___ Task input ___
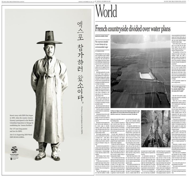 아울러, 부산시에서는 이번 외신들의 연이은 보도를 통한 부산 홍보에 더욱 힘을 싣고자 저명 외신인 '뉴욕타임즈', '파이낸셜타임즈', '타임', '포브스', '블룸버그'에 2030부산세계박람회 홍보 광고도 추진하였답니다.
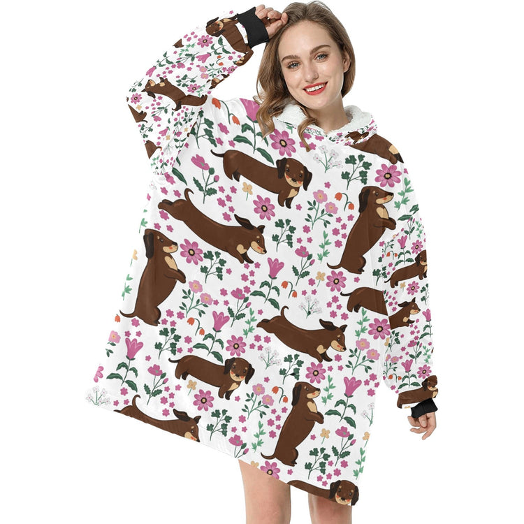 Flower Garden Chocolate Dachshund Blanket Hoodie for Women - 4 Colors
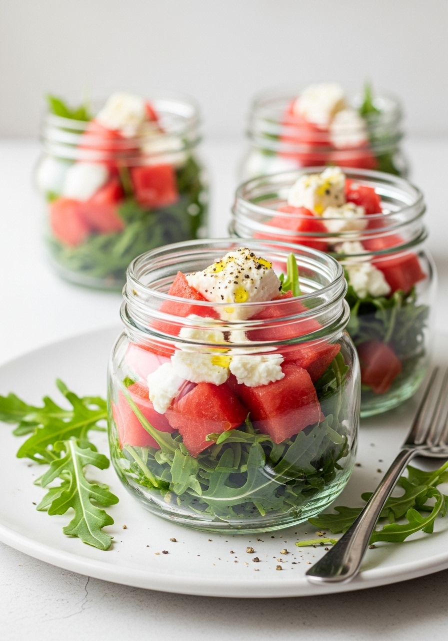 Pour the dressing evenly into 4 pint-sized glass jars. Next, layer the ingredients by adding the onion, followed by the feta, then the watermelon, and top it off with 3/4 cup of arugula.
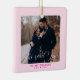 Pink First Christmas Engaged Couple Custom Photo Ceramic Ornament
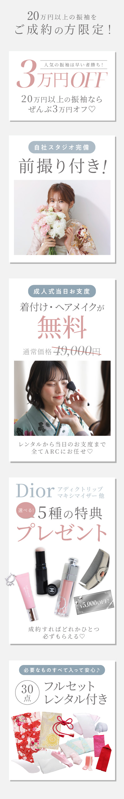 ※当日お支度特典・ブランドコスメプレゼントは20万円以上の振袖ご成約が対象となります
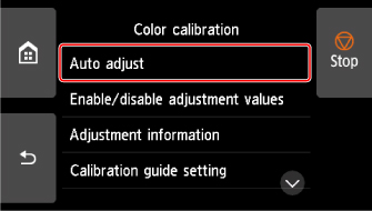 Dopo aver confermato la carta e dopo aver eseguito la calibrazione colore, il valore di regolazione della calibrazione viene impostato automaticamente.
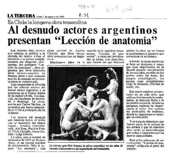 Al desnudo actores argentinos presentan "Lección de anatomía" [artículo].
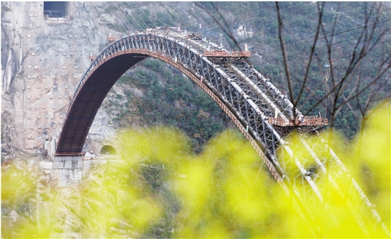 | 3月5日,贵州瓮马铁路南北延伸线项目控制性工程乌江特大桥顺利合龙。乌江特大桥全桥长约520米,主跨337米,桥面至江面高度约200米。 瓮马铁路南北延伸线北起瓮安延伸至遵义,南起马场坪延伸至都匀,全长148公里。 新华社 肖伟 摄 |
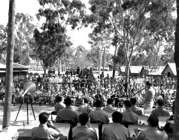 Artie Shaw, Chief Specialist U.S.N., and his band play for patients of the
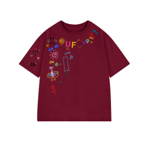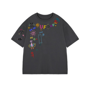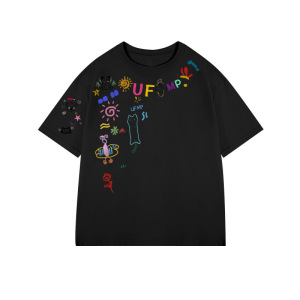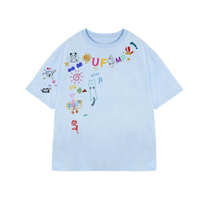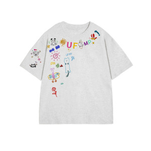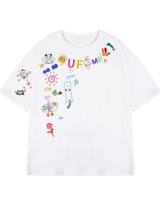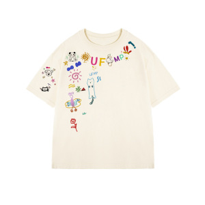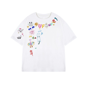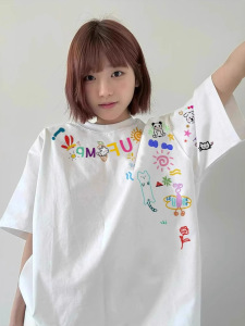 趣味卡通涂鸦白色短袖t恤女夏季2025新款oversize设计感小众上衣
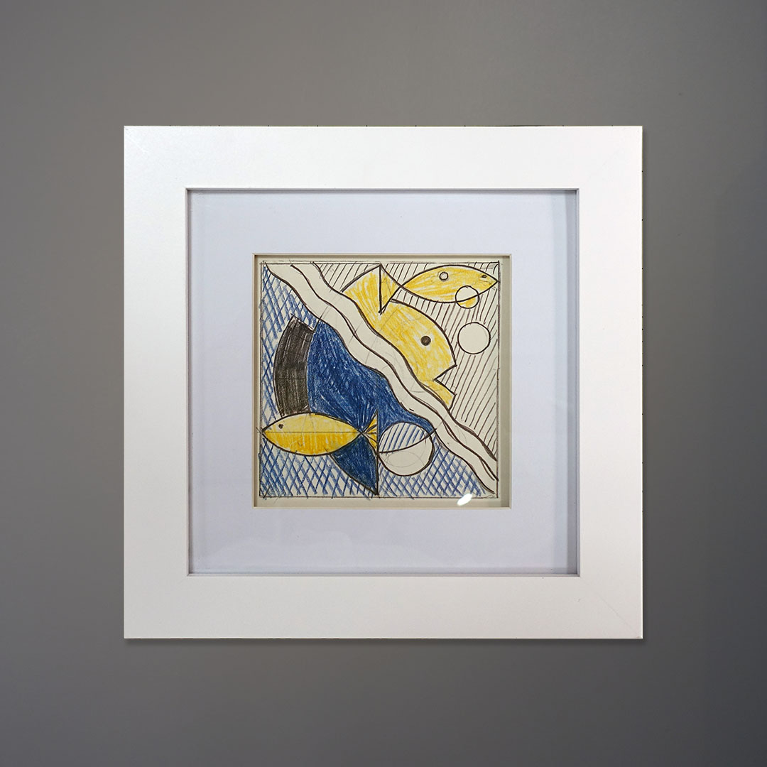 Roy Lichtenstein preliminary sketch for “Modern Painting with Fishes,” 1967. This is a vintage offset reproduction, printed in Switzerland. The original sketch is in a private collection. Ten inches square as framed.
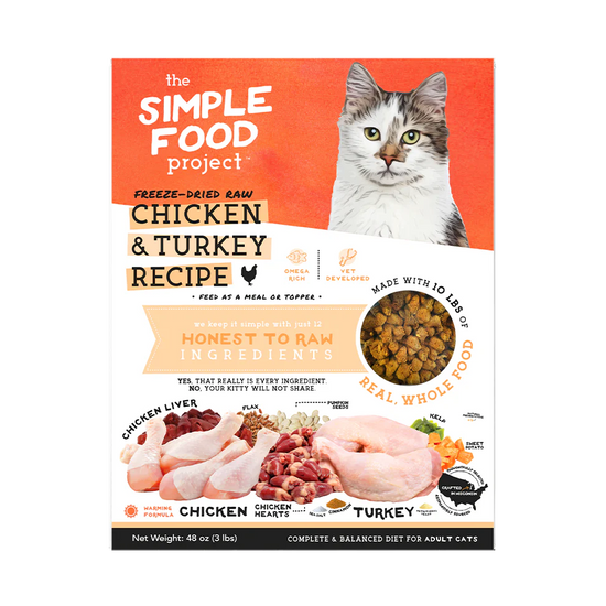 The Simple Food Project Chicken & Turkey Recipe is formulated to meet the nutritional levels established by the AAFCO Cat Food Nutrient Profiles for adult maintenance.
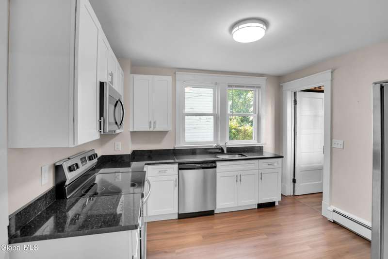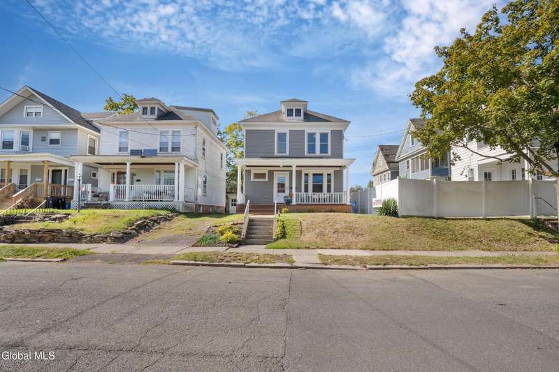 PRIME LOCATION in Pine Hills! Move-In Ready Gem! Minutes from colleges, hospitals and Washington Park. This beautifully updated 2-story home offers the best of city living - walkable to restaurants,movie theater, grocery stores, and more! Step inside to find gleaming hardwood floors and extended-height ceilings that highlight the open-concept first floor. The modern kitchen, updated within the last 5 years, features granite countertops, stainless steel appliances, and flows seamlessly into the living space. The full bath has been stylishly renovated with ceramic tile flooring, new vanity, and toilet. Freshly painted throughout, this home boasts a wall-mount, energy-efficient on-demand heating system, upgraded electrical, a newly added half bath on the first floor, double-pane windows with full screens(2022), an on-demand hot water system, and three heat pumps(mini-splits) providing climate-controlled heating and cooling through out the year. Relax outdoors on either of the front or rear sitting porches. Off-street parking is an added bonus in this city location.Truly nothing to do but move in and enjoy modern comfort in a prime walkable neighborhood!
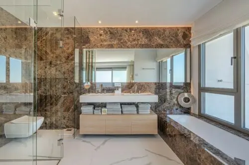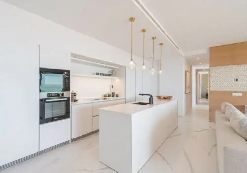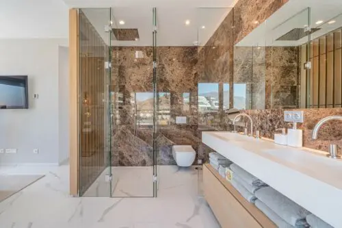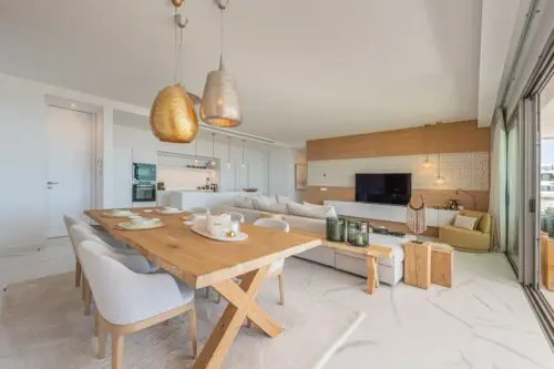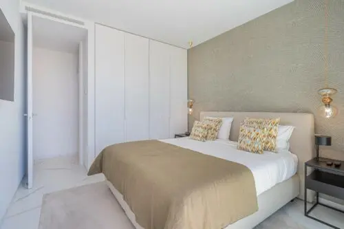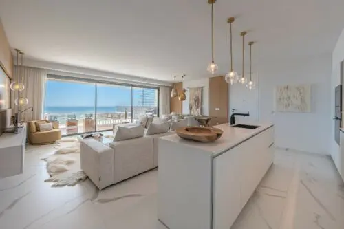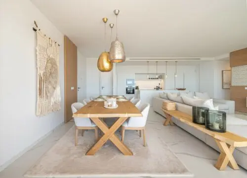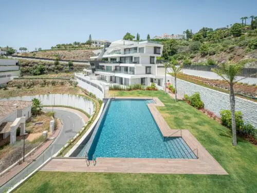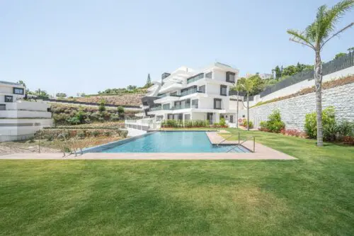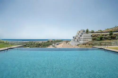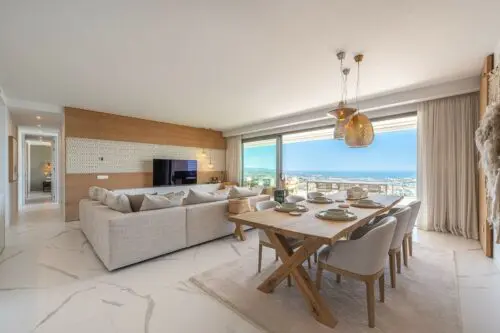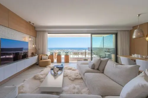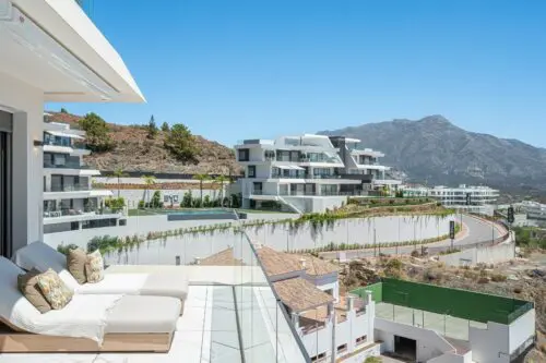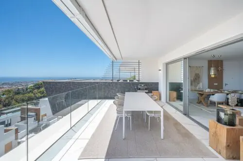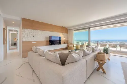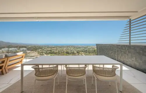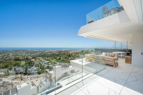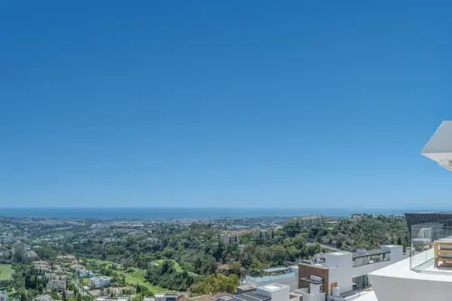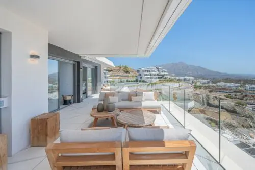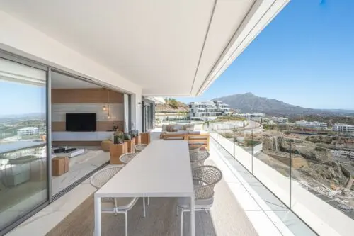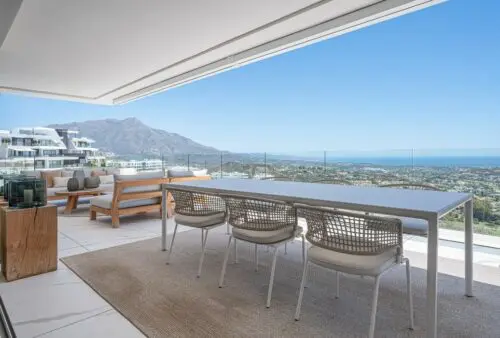 Luksuriøs nybygget lejlighed til salg i Benahavis, med tre store soveværelser og 61 m²sydvendt terrasse, hvorfra et fænomenalt panoramavue til Middelhavet og bjerge udfolder sig.
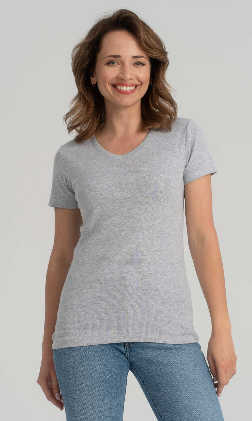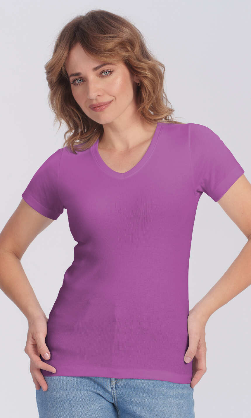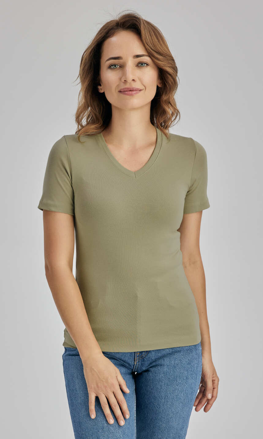 Dekolt w serek wykończony bawełnianą, ściągaczową wypustką w tym samym kolorze. Krótki rękaw zakończony podwinięciem. Brak szwów bocznych oraz splot ściągaczowy dzianiny zapewniają wysoki komfort użytkowania. Doskonała na lato, choć sprawdzi się również jako baza pod bluzę czy sweter, a w chłodniejsze dni jako wygodny i miły dla ciała damski podkoszulek.
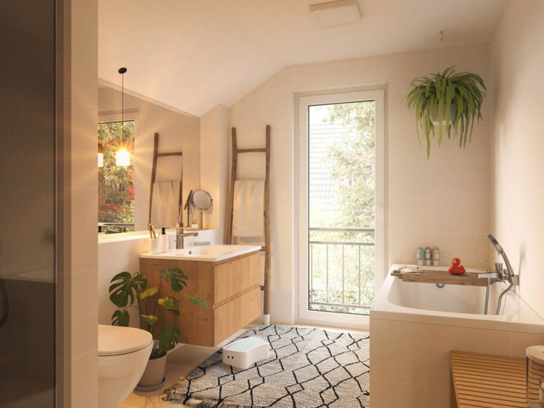 Das Obergeschoss ist perfekt auf Familien zugeschnitten: Zwei helle Kinderzimmer, ein modernes Badezimmer sowie ein großzügiges Elternschlafzimmer mit begehbarem Kleiderschrank schaffen Raum für Komfort, Rückzug und individuelles Wohlfühlen.
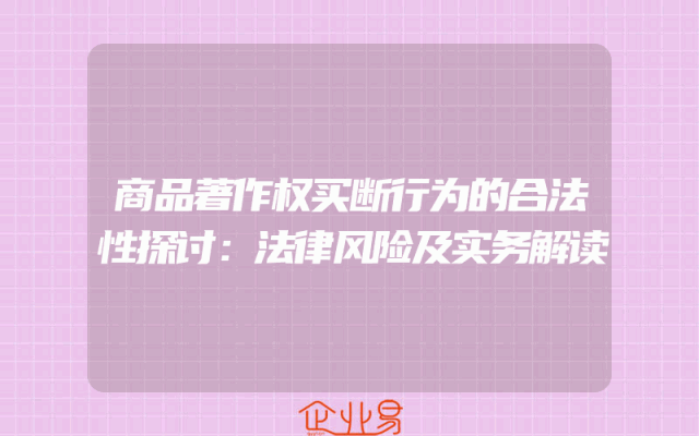 - 商品著作权买断行为的合法性探讨:法律风险及实务解读
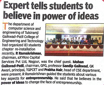 | 3 | Industrial Visit - "RCOEM - Tata Technologies LTD. CIIT Nagpur" |
___
Requirement:
Nothing but an exact repeat of the records, pictures excluded, belongs in the answer.

Response for this exercise:
 아울러, 부산시에서는 이번 외신들의 연이은 보도를 통한 부산 홍보에 더욱 힘을 싣고자 저명 외신인 '뉴욕타임즈', '파이낸셜타임즈', '타임', '포브스', '블룸버그'에 2030부산세계박람회 홍보 광고도 추진하였답니다.
 Flower Garden Chocolate Dachshund Blanket Hoodie for Women - 4 Colors
 Pour the dressing evenly into 4 pint-sized glass jars. Next, layer the ingredients by adding the onion, followed by the feta, then the watermelon, and top it off with 3/4 cup of arugula.
 Pink First Christmas Engaged Couple Custom Photo Ceramic Ornament
 ※当日お支度特典・ブランドコスメプレゼントは20万円以上の振袖ご成約が対象となります
 Dopo aver confermato la carta e dopo aver eseguito la calibrazione colore, il valore di regolazione della calibrazione viene impostato automaticamente.
 Al desnudo actores argentinos presentan "Lección de anatomía" [artículo].
 | 3月5日,贵州瓮马铁路南北延伸线项目控制性工程乌江特大桥顺利合龙。乌江特大桥全桥长约520米,主跨337米,桥面至江面高度约200米。 瓮马铁路南北延伸线北起瓮安延伸至遵义,南起马场坪延伸至都匀,全长148公里。 新华社 肖伟 摄 |
 Artie Shaw, Chief Specialist U.S.N., and his band play for patients of the
 趣味卡通涂鸦白色短袖t恤女夏季2025新款oversize设计感小众上衣
 Roy Lichtenstein preliminary sketch for “Modern Painting with Fishes,” 1967. This is a vintage offset reproduction, printed in Switzerland. The original sketch is in a private collection. Ten inches square as framed.
 The Simple Food Project Chicken & Turkey Recipe is formulated to meet the nutritional levels established by the AAFCO Cat Food Nutrient Profiles for adult maintenance.
 PRIME LOCATION in Pine Hills! Move-In Ready Gem! Minutes from colleges, hospitals and Washington Park. This beautifully updated 2-story home offers the best of city living - walkable to restaurants,movie theater, grocery stores, and more! Step inside to find gleaming hardwood floors and extended-height ceilings that highlight the open-concept first floor. The modern kitchen, updated within the last 5 years, features granite countertops, stainless steel appliances, and flows seamlessly into the living space. The full bath has been stylishly renovated with ceramic tile flooring, new vanity, and toilet. Freshly painted throughout, this home boasts a wall-mount, energy-efficient on-demand heating system, upgraded electrical, a newly added half bath on the first floor, double-pane windows with full screens(2022), an on-demand hot water system, and three heat pumps(mini-splits) providing climate-controlled heating and cooling through out the year. Relax outdoors on either of the front or rear sitting porches. Off-street parking is an added bonus in this city location.Truly nothing to do but move in and enjoy modern comfort in a prime walkable neighborhood!
 Luksuriøs nybygget lejlighed til salg i Benahavis, med tre store soveværelser og 61 m²sydvendt terrasse, hvorfra et fænomenalt panoramavue til Middelhavet og bjerge udfolder sig.
 Dekolt w serek wykończony bawełnianą, ściągaczową wypustką w tym samym kolorze. Krótki rękaw zakończony podwinięciem. Brak szwów bocznych oraz splot ściągaczowy dzianiny zapewniają wysoki komfort użytkowania. Doskonała na lato, choć sprawdzi się również jako baza pod bluzę czy sweter, a w chłodniejsze dni jako wygodny i miły dla ciała damski podkoszulek.
 Das Obergeschoss ist perfekt auf Familien zugeschnitten: Zwei helle Kinderzimmer, ein modernes Badezimmer sowie ein großzügiges Elternschlafzimmer mit begehbarem Kleiderschrank schaffen Raum für Komfort, Rückzug und individuelles Wohlfühlen.
 - 商品著作权买断行为的合法性探讨:法律风险及实务解读
 | 3 | Industrial Visit - "RCOEM - Tata Technologies LTD. CIIT Nagpur" |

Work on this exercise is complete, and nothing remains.